Funny how things work. I had envisioned the start of school this year as a new beginning for me. Finally I would have a 6 hour stretch each day with noone but myself to take care of. Well not exactly—taking care of the house and family is my job, but at least for 6 hours a day I would not have to attend to immediate needs of others. In my fantasy, I would drop the children at school, do 15 minutes of meditation, go for a nice run or do some yoga, write a blog, research ideas for a new career, then attend to cleaning, shopping, cooking, family finances etc.

Here we are several months into it and while I have managed most of those things, they usually do not occur on the same day and not nearly as often as I would like. Instead of the nice runs, I have been going to endless doctor visits trying to fix my feet. Meditation? Not so much. I have done a bit of yoga and it is wonderful. Why don’t I do more? Career? I can’t even manage to clean the house and go to the grocery store!

I have managed a couple of trips that weren’t on the schedule–one to see my daughter (fun) and one to see my father (in ICU, but ended well), but for the most part, I have just muddled, starting one project and wandering into another and another and then its time to pick up the kids and do homework, dinner, baths and bedtime.

Not what I had envisioned. And it really mucks up the story I had been telling myself for the last 23 years: If I could just have two minutes to rub together where I wasn’t taking care of a client or a kid or a husband, I would get myself and my house and my money in perfect shape and find my “true calling” in life.

Yesterday I was thinking of good advice I have been given over the years. The best came from my husband, “You are just going to have to be stronger.” At the time, there were a lot of bad things going on in my life and I was looking for a shoulder to cry on, so his advice wasn’t well taken. I sulked for a while and then realized that he was right. So I was.

It was amazing to find that I could be stronger instantly–just by deciding that I would be.  A mental shift that changed my world.

Anyway yesterday, I was thinking that the corollary is:

It doesn’t matter what you did to get where you are, all you can do is go from here.

But today I saw the quote from Lyndon B. Johnson and while its meaning is the same, it is more elegant and inspirational: “Yesterday is not ours to recover, but tomorrow is ours to win or to lose.” No more dwelling on my past mistakes; my focus is forward.

And as for some more best advice I was given, this time by my father:

CHARGE!

P.S. I am sure I didn’t thank either of them for their wisdom. So thanks Dad, thanks Hubby.
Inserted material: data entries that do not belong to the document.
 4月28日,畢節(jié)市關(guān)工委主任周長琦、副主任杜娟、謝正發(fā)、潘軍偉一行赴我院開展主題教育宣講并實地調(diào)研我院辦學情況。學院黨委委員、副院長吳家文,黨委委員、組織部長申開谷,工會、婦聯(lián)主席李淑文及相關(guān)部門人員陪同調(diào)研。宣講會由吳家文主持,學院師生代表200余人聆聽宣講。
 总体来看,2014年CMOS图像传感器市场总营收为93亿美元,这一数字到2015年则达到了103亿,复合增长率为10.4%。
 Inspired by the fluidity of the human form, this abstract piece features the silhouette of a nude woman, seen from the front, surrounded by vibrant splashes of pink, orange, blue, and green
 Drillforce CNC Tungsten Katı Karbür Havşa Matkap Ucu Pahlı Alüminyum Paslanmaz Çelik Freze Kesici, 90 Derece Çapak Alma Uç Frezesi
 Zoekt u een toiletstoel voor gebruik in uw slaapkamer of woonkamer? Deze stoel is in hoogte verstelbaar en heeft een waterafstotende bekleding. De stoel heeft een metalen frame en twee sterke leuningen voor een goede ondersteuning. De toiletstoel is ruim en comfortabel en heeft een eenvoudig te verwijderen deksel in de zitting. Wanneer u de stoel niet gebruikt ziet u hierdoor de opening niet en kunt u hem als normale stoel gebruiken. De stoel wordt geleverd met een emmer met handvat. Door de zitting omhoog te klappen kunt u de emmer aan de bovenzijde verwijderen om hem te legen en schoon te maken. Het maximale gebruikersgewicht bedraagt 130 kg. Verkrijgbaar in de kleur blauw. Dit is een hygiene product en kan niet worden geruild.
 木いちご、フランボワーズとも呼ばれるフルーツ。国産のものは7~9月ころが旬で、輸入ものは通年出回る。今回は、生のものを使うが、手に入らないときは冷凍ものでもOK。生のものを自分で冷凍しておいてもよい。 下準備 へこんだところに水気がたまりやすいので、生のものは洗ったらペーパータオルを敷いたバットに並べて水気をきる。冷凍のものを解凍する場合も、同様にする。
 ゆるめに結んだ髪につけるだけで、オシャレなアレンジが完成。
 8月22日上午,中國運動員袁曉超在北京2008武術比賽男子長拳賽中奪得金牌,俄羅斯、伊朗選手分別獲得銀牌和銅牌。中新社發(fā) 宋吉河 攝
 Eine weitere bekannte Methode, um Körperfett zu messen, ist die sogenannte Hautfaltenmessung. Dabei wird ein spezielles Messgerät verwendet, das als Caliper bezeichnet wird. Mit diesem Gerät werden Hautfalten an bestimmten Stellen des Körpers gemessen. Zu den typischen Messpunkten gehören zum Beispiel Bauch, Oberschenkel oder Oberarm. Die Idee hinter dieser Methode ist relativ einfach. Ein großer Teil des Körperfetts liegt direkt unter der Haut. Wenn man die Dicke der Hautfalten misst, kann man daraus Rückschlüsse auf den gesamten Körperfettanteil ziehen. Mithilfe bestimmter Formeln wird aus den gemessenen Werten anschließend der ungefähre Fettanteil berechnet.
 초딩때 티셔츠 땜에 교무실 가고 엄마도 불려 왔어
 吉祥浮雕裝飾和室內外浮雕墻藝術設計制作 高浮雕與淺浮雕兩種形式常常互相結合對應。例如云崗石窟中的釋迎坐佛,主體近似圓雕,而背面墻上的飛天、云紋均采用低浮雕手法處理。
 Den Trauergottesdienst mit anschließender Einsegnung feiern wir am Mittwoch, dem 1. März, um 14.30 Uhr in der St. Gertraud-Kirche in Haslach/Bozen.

By Lee Brennan on Thursday, March 14, 2013

Categories: Goals, Resolution Tags: ,

One Response to “The Best Advice I’ve Ever Been GivenComment RSS feed

  • Markesens
    December 26th, 2016 3:02 pm
    #1

    As a kid I used to work at weekends, cleaning those ice cream vans that used to go around the streets and ring a bell to tell you they were there. The owner was a woman, a bit of tyrant. She worked hard herself and expected the same of those who worked for her. While i was cleaning windows on one of the vans she looked at what i was doing and said you are concentrating on the middle of the window, focus on the edges and the corners and the middle will take care of itself . it has been fifty years and it stays with me look after the details and the rest will take care of itself.